[llvm] Add thread-local overrides for `llvm::errs()` and `llvm::outs()`. (PR #90374)

Wed May 8 13:04:00 PDT 2024

dwblaikie wrote:

> > I think it would also be important for `llvm::CrashRecoveryContext` to persist the stream overrides into the inner thread.
> 
> Good idea, done and tested that this works.
> 
> > I worry that a tool like this would disincentivize fixing/improving existing libraries that could/should take a stream as a parameter... - so I'm weakly not in favor of this, in that I'd rather see the library improvements... but no doubt there are some hard cases.
> > Are the cases you have in mind in-tree/could you give a rough overview of the challenges/why this is the better path?
> 
> Yeah, TBH, this isn't my favorite approach either. But I don't really know how to achieve the other approaches in a reasonable timeframe.
> 
> The code I specifically am hitting this in is Clang's Driver and Frontend library which have a bit over 60 uses of `llvm::errs()` at a quick count. If it were just updating all of those cases, maaaaaybe I could manage to do it, but the real issue is that all of these are behind layers and layers of APIs across the driver and frontend library that would need to be updated to thread a stream parameter through. In some places, there is a diagnostic engine available, but the uses of `llvm::errs()` don't seem to really map well into that abstraction, and doing so would likely break users expecting the output in its exact form.

Yeah, some of these should probably be updated to diagnostics, but even those that aren't - it seems like there's perhaps relatively few data structures that'd need to be taught about it. Easier in the Driver, perhaps, where adding an `Errs` member to the Driver covers most of it/is accessible from most of the places that are trying to print. (a few in the OffloadBundler have a Verbose and a `PrintExternalCommands` bool flags, that could instead be pointers to a stream - non-null means use the stream, null means don't print anything, which is fairly straightforward/doesn't involve a lot of extra plumbing).

One that's more subtle is probably clang parts using LLVM's timer library - that no doubt prints to errs as well without a parameter... oh, it's trickier.
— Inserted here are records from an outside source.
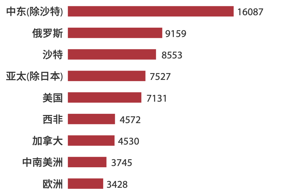 来源:《BP世界能源统计年鉴2019》 单位:千桶/日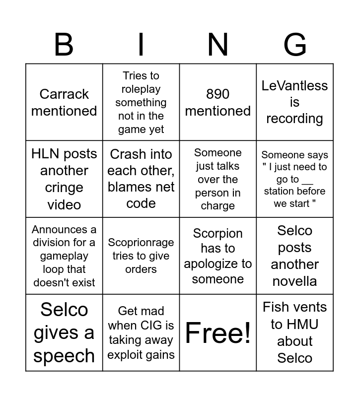This bingo card has 17 words: Free!, Selco gives a speech, 890 mentioned, Carrack mentioned, Scoprionrage tries to give orders, LeVantless is recording, Selco posts another novella, Someone just talks over the person in charge, Someone says " I just need to go to __ station before we start ", Crash into each other, blames net code, Get mad when CIG is taking away exploit gains, Scorpion has to apologize to someone, HLN posts another cringe video, Tries to roleplay something not in the game yet, Announces a division for a gameplay loop that doesn't exist, Fleet command isn't giving orders and Fish vents to HMU about Selco.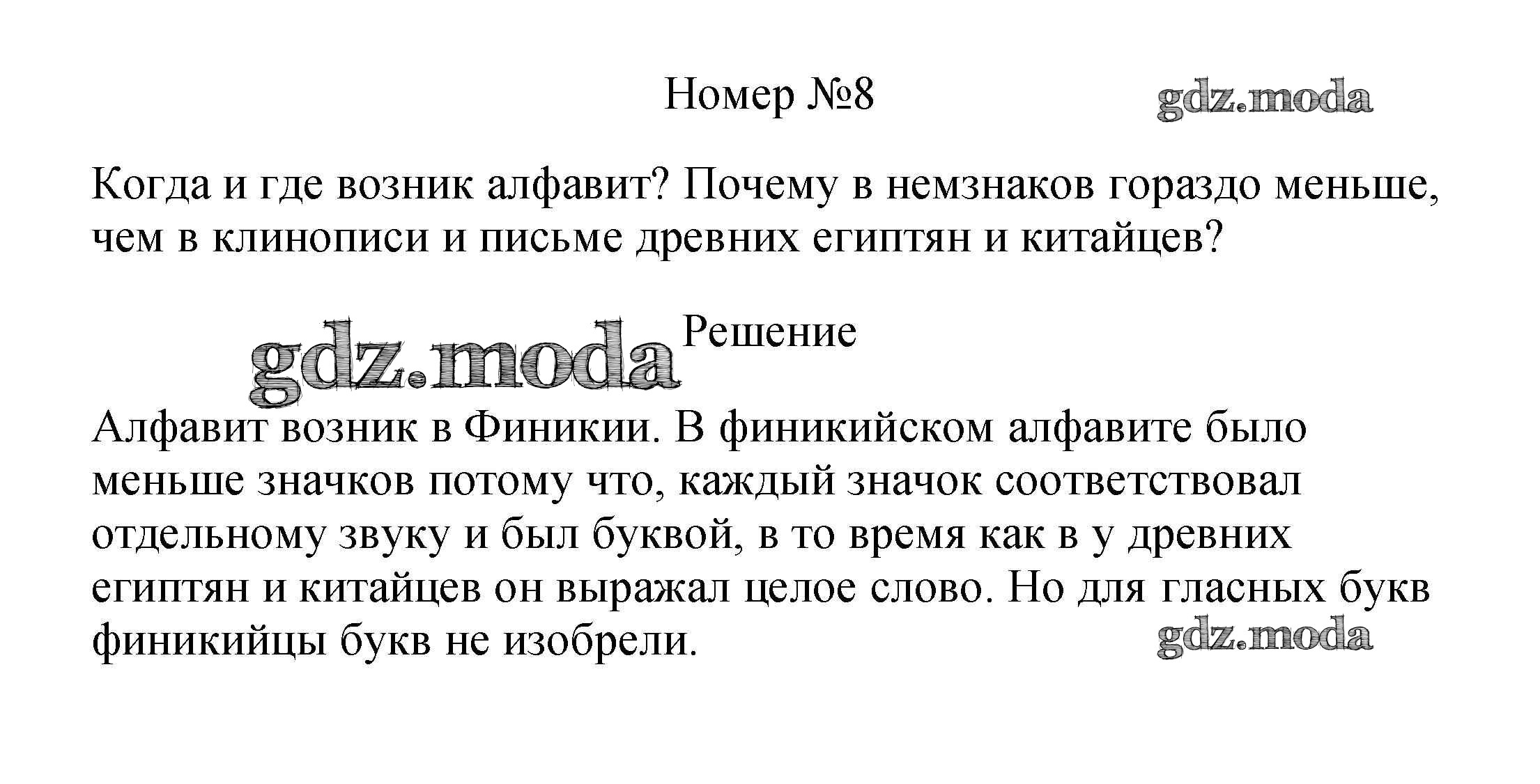 ГДЗ решение к заданию № 8 История Древнего мира 5 класс Вигасин А.А. Просвещение 2010 ФГОС бесплатно на гдз.мода!

It creates new/distinct streams that would print to stderr and stdout, even with this proposed override in place https://github.com/llvm/llvm-project/blob/e3938f4d71493673033f6190454e7e19d5411ea7/llvm/lib/Support/Timer.cpp#L96-101

> But this is a pretty pervasive challenge when using both Clang and LLVM as libraries. For example, Clang has 500 some uses of `llvm::errs()` through out its `lib` directory, some in almost every library. A quick skim didn't seem to show many that were really utility code or outside of what a library user might encounter. 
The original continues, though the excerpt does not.